Data for processing Block Start

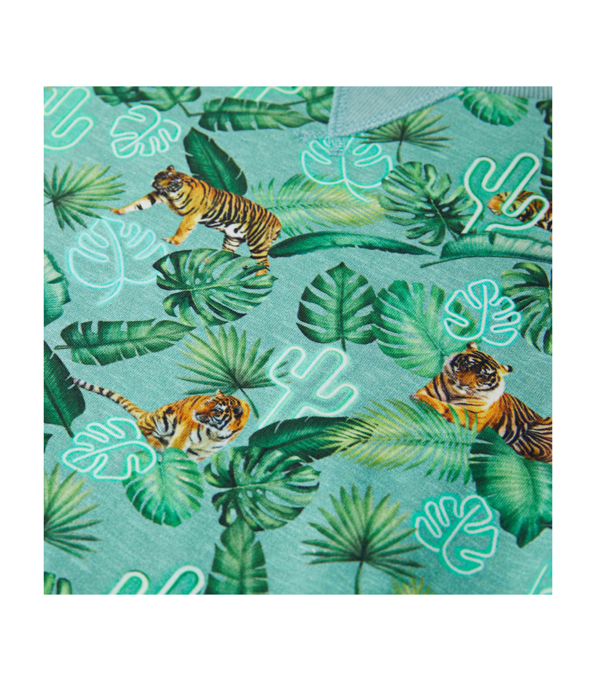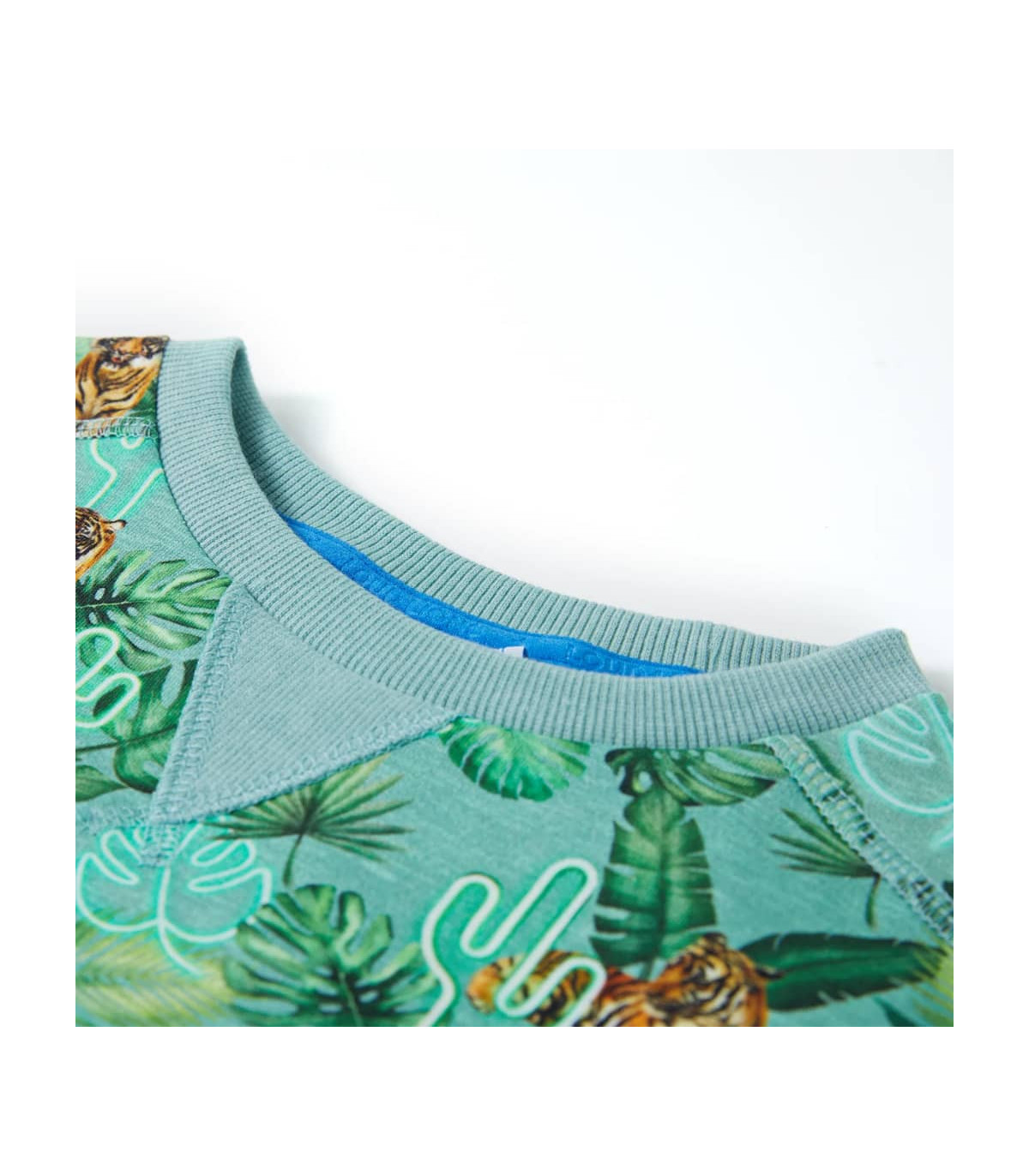 Our children's clothing line is all about affordable, high-quality, and durable everyday wear for kids aged 1.5 to 10. Our range includes jackets, sweaters, shirts, and many more, with a variety in style, size, and colour. Following the high-quality standard in the market, we are using high-grade materials and advanced manufacturing techniques. This kids' sweatshirt has long sleeves, a round neck, and rib-knit edges at the cuffs, neckline, and bottom. The children's sweatshirt is printed with plants and tigers all over. The kids' top is made of 95% cotton, and 5% elastane for comfort and breathability. Good to know: The size chart in the picture provides measurements for kids aged 1.5 to 10, covering the height, chest, waist, and hip. You can easily find the right fit for your child.
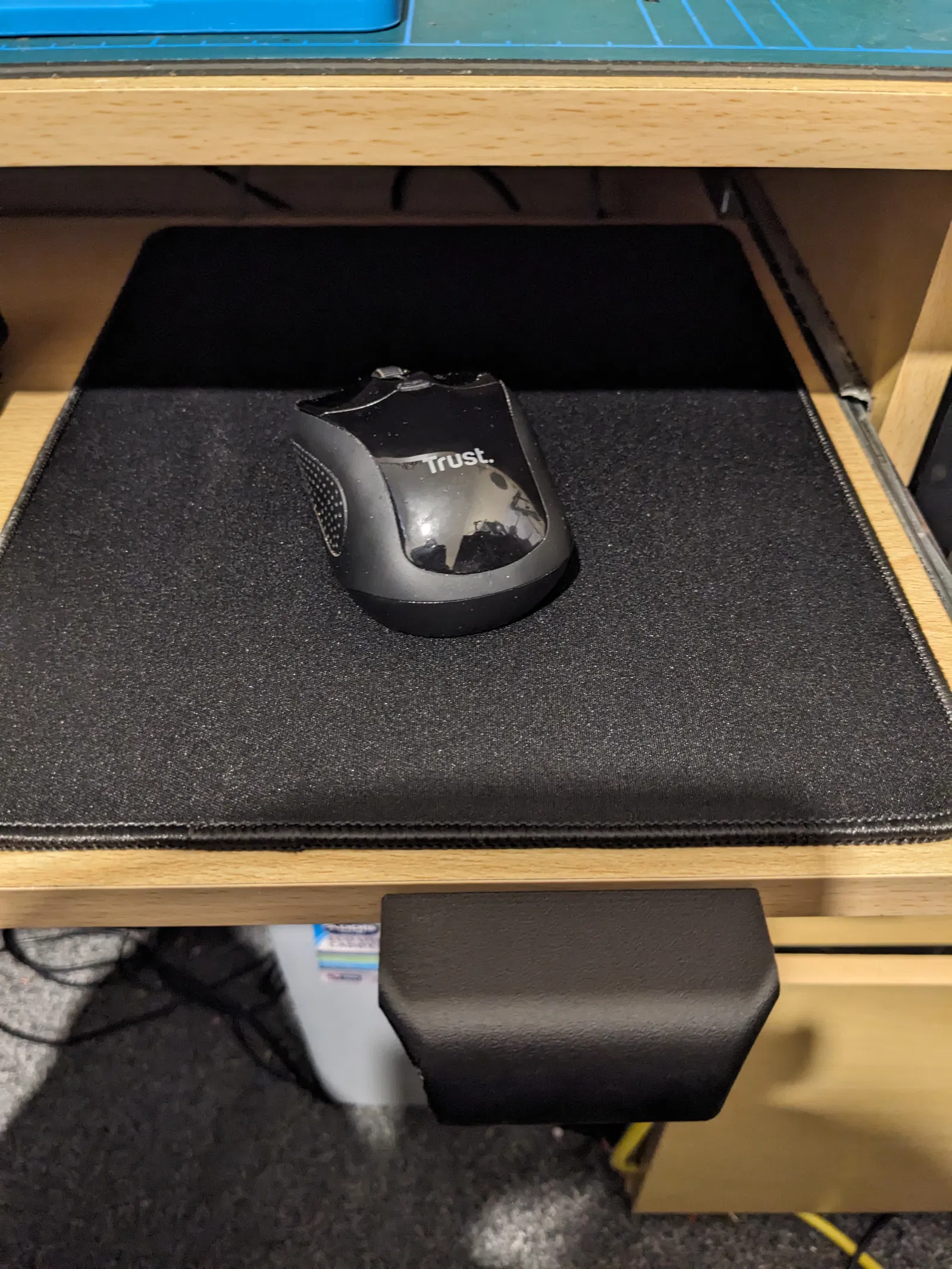 Tay cầm tiện lợi gắn vào khay bàn phím, giúp kéo ra dễ dàng và đóng vai trò như miếng kê cổ tay khi dùng chuột. Dễ dàng in bằng chất liệu PLA, PETG hoặc PETG-CF. Lưu ý cần cài đặt hỗ trợ (supports) khi in để đạt hiệu quả tốt nhất.
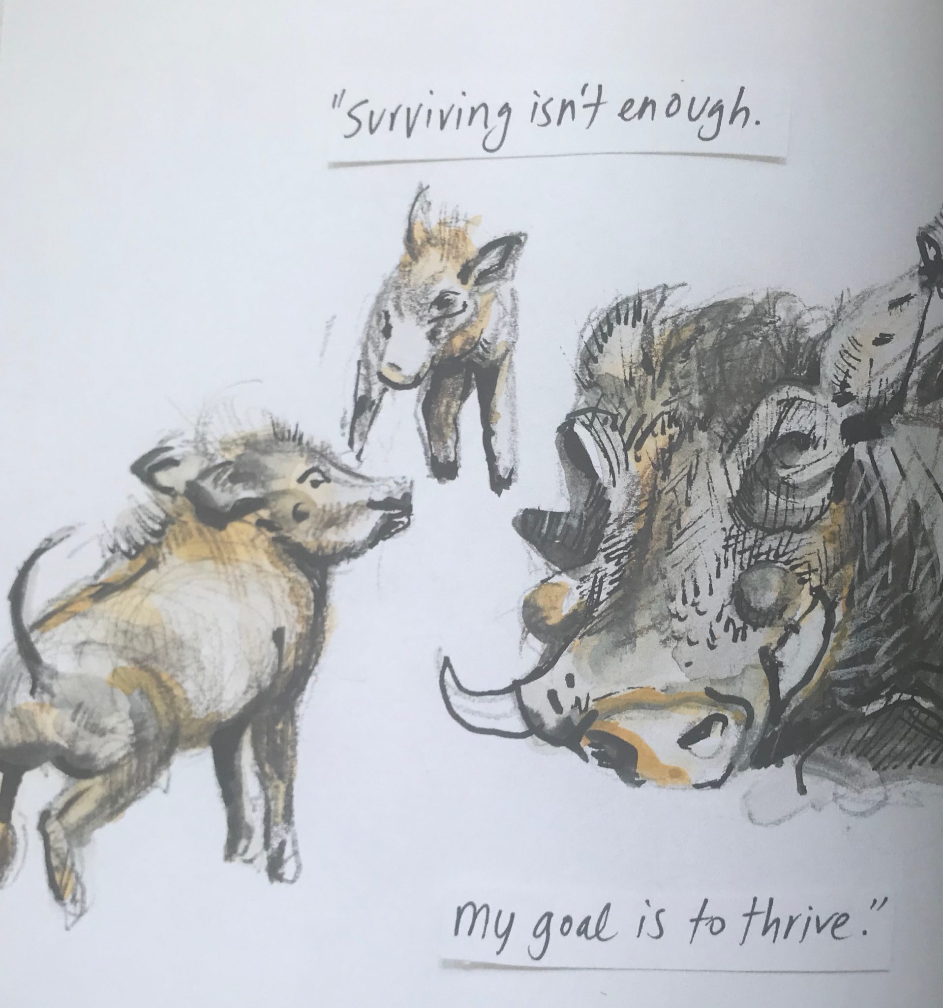 When I first read Wild Wisdom, A Warthog’s Tale, I mistakenly took it for a children’s book. Look beyond the enchanting art work and you will find it is nothing of the sort. It’s a very adult book that uncovers the private thoughts and public decisions that Laurada Byers made in her remarkable life to find clarity during incredibly stressful events. When you know her story, it’s hard to imagine how someone can survive the trauma of the murder of her husband Russell, a well-known journalist, as well as anal cancer and Parkinson’s. All the while, she started a charter school and cared for her children.
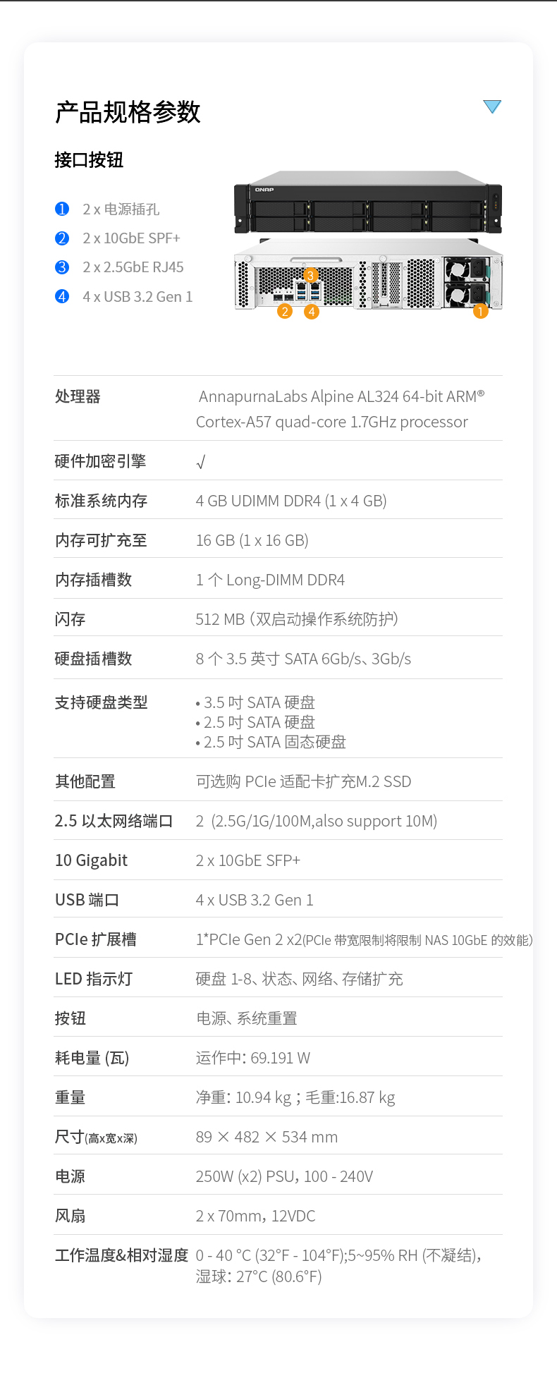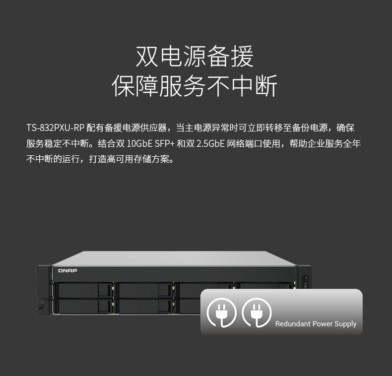 QNAP威联通TS-832PXU-RP-4G八盘位 双电源 配备双10GbE SFP+ 与双 2.5GbE 网络端口 机架式企业级网络存储NAS - QNAP 威联通商城
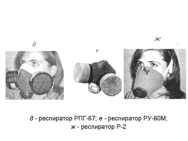 д респиратор РПГ 67; е - респиратор РУ 60 М; ж респиратор Р 2
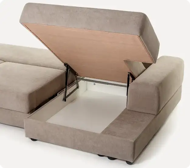 Оттоманка (левая / правая)Это такой квадратный модуль без спинки. Тоже есть подъемный механизм и короб для белья. Ставится обычно с краю, чтобы делать диван Г-образным или П-образным. На ней удобно лежать или сидеть, подложив подушку. Кстати, ящик внутри — полноценный.
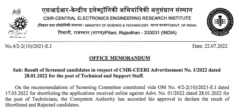 CSIR CEERI ITI Technician Shortlisted/Rejected Candidates PDF List 2022
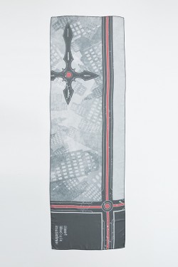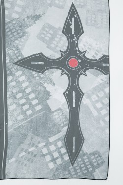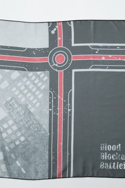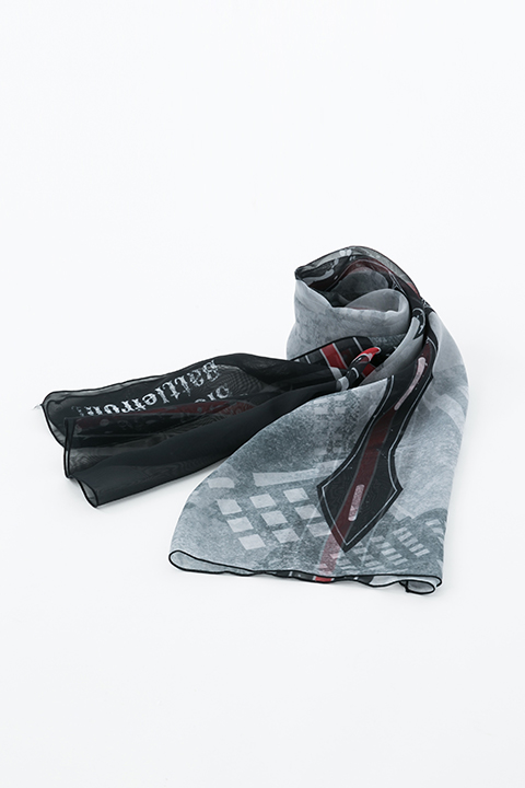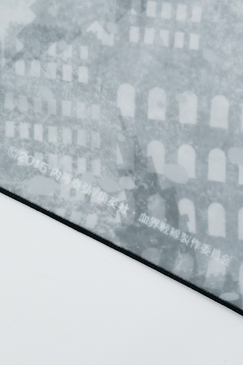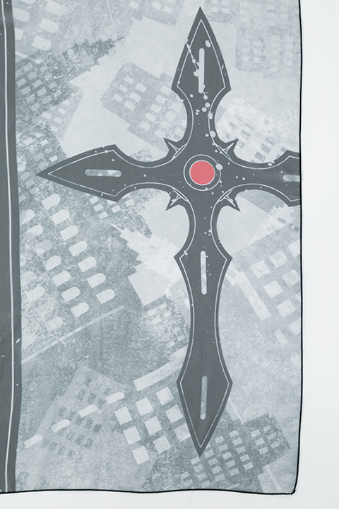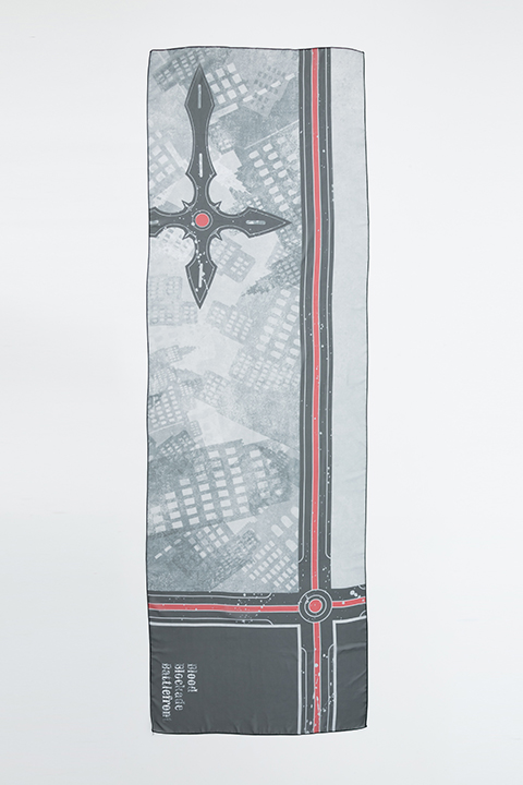 デザインは、話題作『血界戦線』のダークな世界観をベースに、クラウスのナックルの十字架とスティーブンの靴の十字架を大胆にあしらったもの。モノトーンのなかに映える赤いラインがコーデを引き締める。首元はもちろん、あなたの持っているアイテムに巻いてもきまるストールとなっている。

Data for processing Block End

## Task prompt
The range to transcribe runs from the line holding "When I first" through the final line of the data above; copy it exactly and exclude the pictures.

## Response for this exercise
 When I first read Wild Wisdom, A Warthog’s Tale, I mistakenly took it for a children’s book. Look beyond the enchanting art work and you will find it is nothing of the sort. It’s a very adult book that uncovers the private thoughts and public decisions that Laurada Byers made in her remarkable life to find clarity during incredibly stressful events. When you know her story, it’s hard to imagine how someone can survive the trauma of the murder of her husband Russell, a well-known journalist, as well as anal cancer and Parkinson’s. All the while, she started a charter school and cared for her children.
 QNAP威联通TS-832PXU-RP-4G八盘位 双电源 配备双10GbE SFP+ 与双 2.5GbE 网络端口 机架式企业级网络存储NAS - QNAP 威联通商城
 д респиратор РПГ 67; е - респиратор РУ 60 М; ж респиратор Р 2
 Оттоманка (левая / правая)Это такой квадратный модуль без спинки. Тоже есть подъемный механизм и короб для белья. Ставится обычно с краю, чтобы делать диван Г-образным или П-образным. На ней удобно лежать или сидеть, подложив подушку. Кстати, ящик внутри — полноценный.
 CSIR CEERI ITI Technician Shortlisted/Rejected Candidates PDF List 2022
 デザインは、話題作『血界戦線』のダークな世界観をベースに、クラウスのナックルの十字架とスティーブンの靴の十字架を大胆にあしらったもの。モノトーンのなかに映える赤いラインがコーデを引き締める。首元はもちろん、あなたの持っているアイテムに巻いてもきまるストールとなっている。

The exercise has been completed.